I’m in the process of drafting a post entitled “What Do You Know That People Would Pay You For?”  But what I’ll put here in this post, combined with the material for that one, are shaping up to be long.  So I think I can carve off an initial, coherent point here about staff augmentation.

That one figures to be uplifting.  This one?  Perhaps not so much.  But I think it’s important to establish a premise.

If you write code in exchange for a salary, you’re either staff or staff augmentation, depending on who signs your paychecks.

Now, for those of you that have worked for product/service companies with a software component, you’re probably shrugging and thinking “yeah, no kidding, I’m staff.”  Ditto those of you who have toiled in a cost-center capacity, maintaining some internal software the company would sooner eliminate.

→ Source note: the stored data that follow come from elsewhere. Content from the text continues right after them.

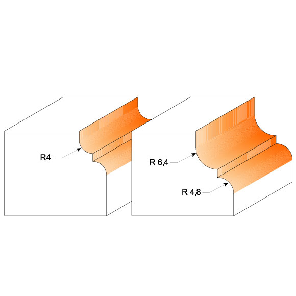 Mit diesen Werkzeugen können Sie Ihr Werkstück abrunden und/oder Hohlkehlen fräsen. Diese Profilfräser gehören zu den beliebtesten Werkzeugen zur Kantenbearbeitung. Diese Werkzeuge sind mit 2 Hartmetallschneiden ausgestattet und mit einer orangen Antihaft- und Korrosions-P.T.F.E.-Schicht beschichtet.
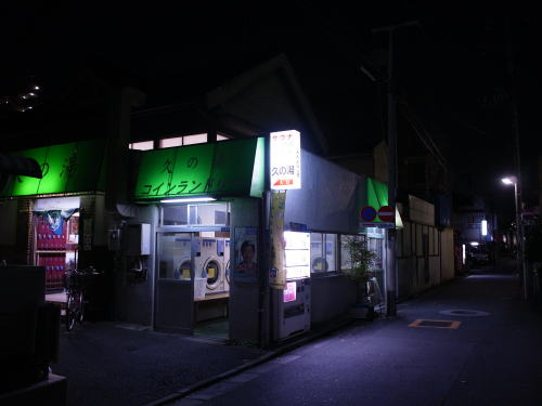 角は元消防署のような資材置き場があって、そこを曲がれば同湯の明かりが見える。
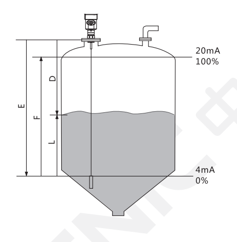 通過輸入空罐高度E(=零點(diǎn)),滿罐高度F(=滿量程)及一些應(yīng)用參數(shù)來設(shè)定,應(yīng)用參數(shù)將自動(dòng)使儀表適應(yīng)測(cè)量環(huán)境,對(duì)應(yīng)于4~20mA輸出。
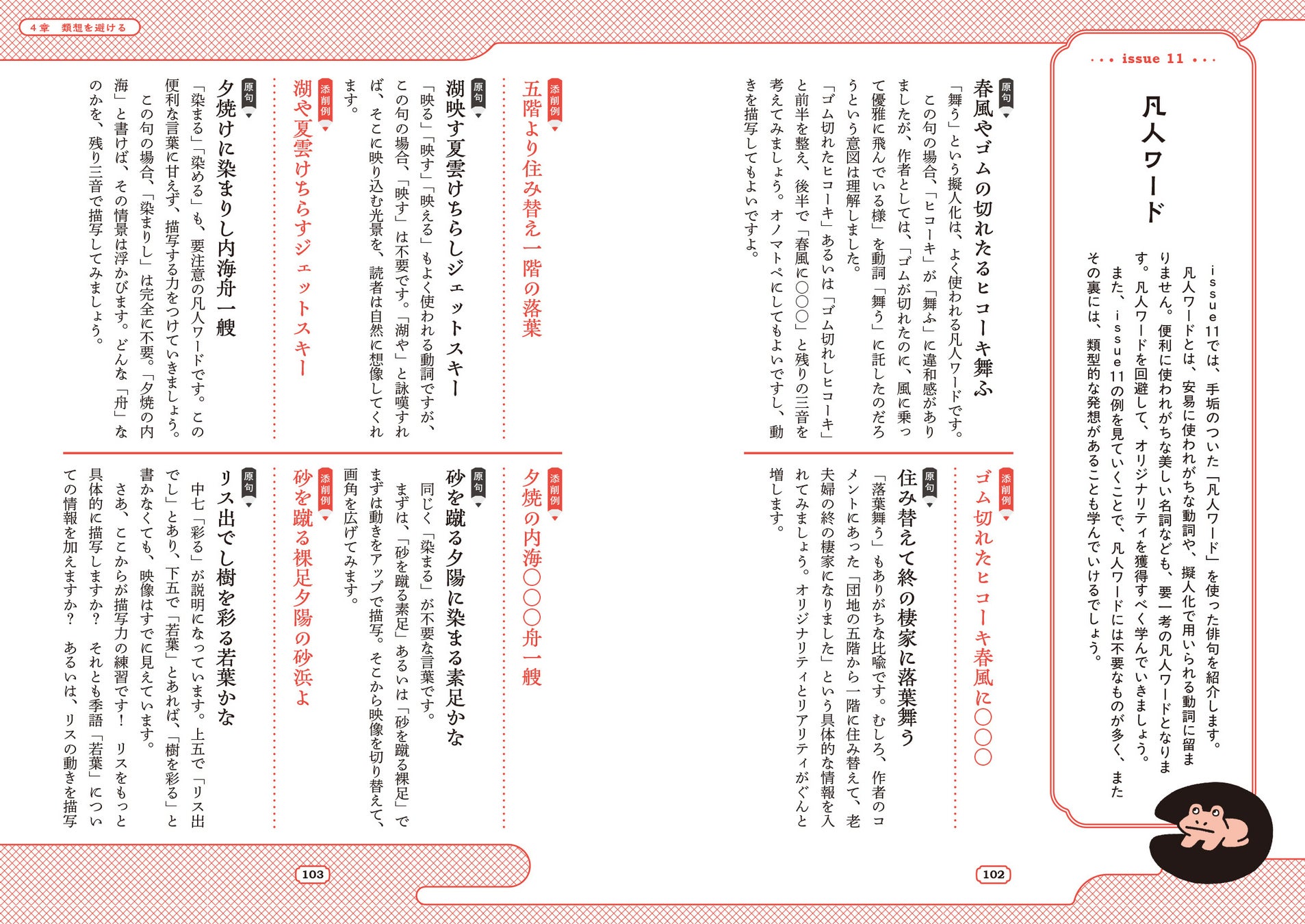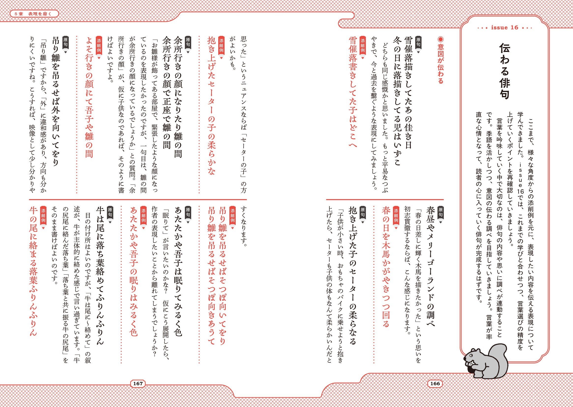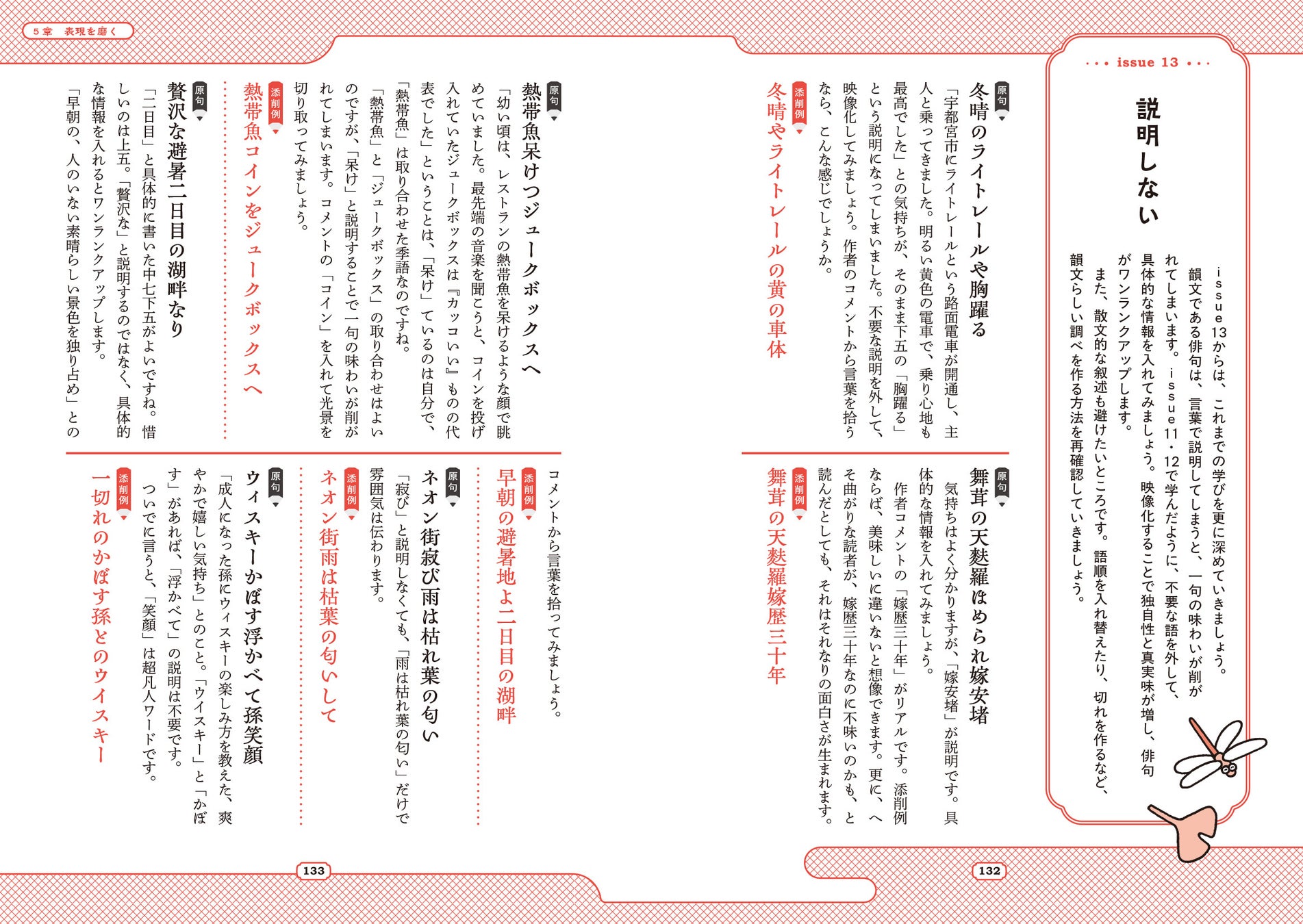 本書では、「季語がない」「字余り・字足らず」「助詞の使い方」「切れ」「凡人ワード」「説明しない」など、俳句で頻出するミスを項目別に整理。
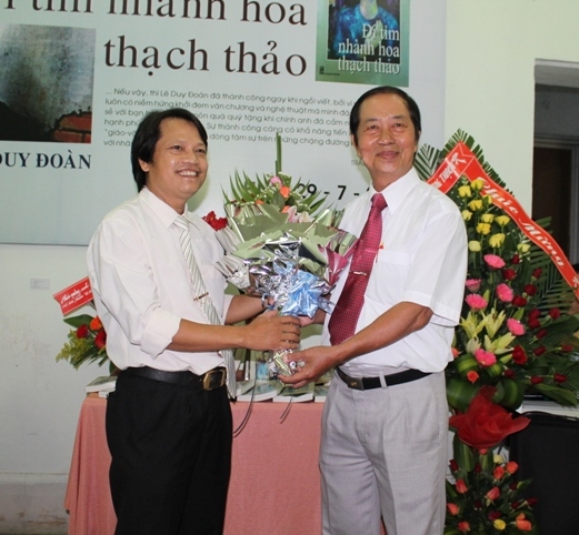 | Nhà văn Hồ Đăng Thanh Ngọc - Tổng biên tập Tạp chí Sông Hương tặng hoa chúc mừng tác giả Lê Duy Đoàn |
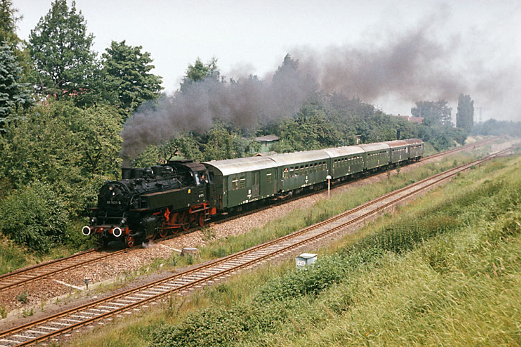 Kurze Zeit später ist 86 1501 bei Hartmannsdorf schon wieder in Gegenrichtung mit einem Sonderzug nach Oberfrohna unterwegs, 25.06.1983. |
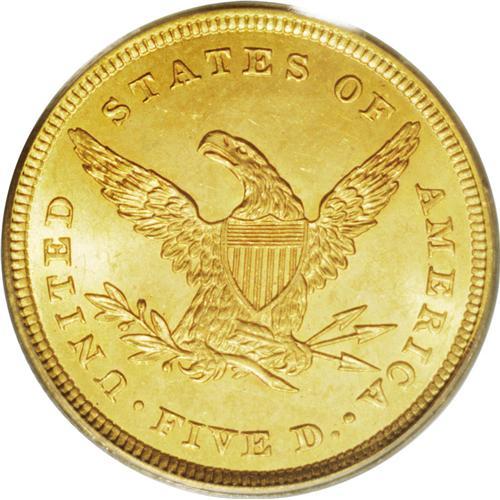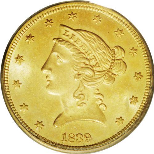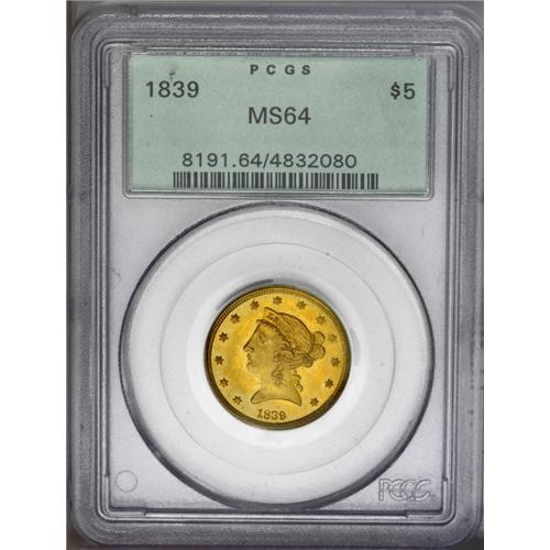 <B>1839<$5> MS64 PCGS.</B></I> First year of the new design half eagle created by Christian Gobrecht, and relatively common in circulated grades. Gobrecht's design became a staple of American commerce, being utilized on quarter eagles from 1840 to 1907, half eagles from 1839 to 1908, and eagles from 1838 to 1907. This example is almost certainly one of the finest known business strikes (two proofs are known), and it is the only example of this grade certified by PCGS with none finer. David Akers commented that "high grade specimens, i.e. coins grading AU or Unc., are very rare and choice Mint State pieces are virtually unobtainable." This commentary is equally appropriate today as it was when his words were written in 1979. There are possibly five or six examples that are comparable to this specimen.<BR> This example is sharply detailed with every design element on each side fully defined, except for stars 1 through 5. A few minor contact marks are evident, along with a small luster break just inside star 12. Both sides have frosty luster with brilliant yellow-gold surfaces, the obverse with tinges of peripheral blue color. The reverse is a shade darker than the obverse with lovely honey-colored gold.<BR> A raised dot on Liberty's neck is common to every known example of this issue. In days gone by, some examples of this issue have been cataloged as 1839/8 overdates, yet such an overdate is highly illogical, and clearly does not exist, in our opinion. With the single exception of the 1796/5 overdate half dime, there are no known overdate varieties of the first year for a new design. For the technically minded collector, it is important to realized that this is not only the first year of a new major design, but it is a one-year type coin, as the head of Liberty was slightly modified in 1840. This issue is also representative of the broad mill coinage of Liberty half eagle <BR><BR><B>Importa
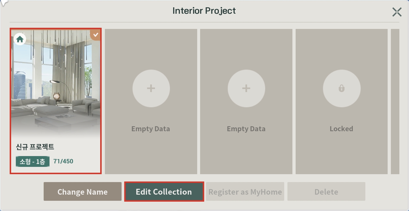 Select the project you want to decorate from your available Interior Project, then press the [Edit Collection] button.

But those of you that work for custom app dev agencies are probably feeling a little huffy, since most places that sell custom app def (i.e. staff augmentation) go out of their way to state righteously that they most certainly DO NOT do staff augmentation.  Bear with me, though, all of you.

I don’t actually think there’s anything wrong with staff augmentation.  In fact, I think it’s a substantially better model, in most cases, than staff.

In accordance with the spirit of Developer Hegemony, I think we, as an industry, should strive to move from staff to staff augmentation, at least as an initial step.

What is Staff Augmentation, Anyway?

I owe you some definition here, especially since I’m going against the established grain.  Although, I submit that I’m doing so in the same way as someone objecting to the definition of “literally” now including “not literally.”

Go out and look up staff augmentation, and you’ll find a good bit of jargon.  But the gist of staff augmentation is that a company fills labor needs by hiring a contractor instead of a permanent employee.  Companies do this when they have a temporary need for additional help.

They don’t want to fill the role with employees and then lay them off.  So, staff augmentation it is.  They hire a contractor on a (theoretically) temporary contract.

Now here’s where things get interesting and where I submit that the generally accepted definition gets a little, well, unhelpful.  Something becomes outsourcing instead of staff augmentation depending on the granularity of the engagements.

If the company pays a firm to send them six individuals, that’s staff augmentation.  But if those individuals come as a package, that’s outsourcing.

Why do I find this strange?

Well, because with either staff augmentation or outsourcing, the goal is to augment your staff, rather than add to it.  But if you augment your staff one at a time, it’s staff augmentation whereas if you augment your staff in batches, it’s not staff augmentation.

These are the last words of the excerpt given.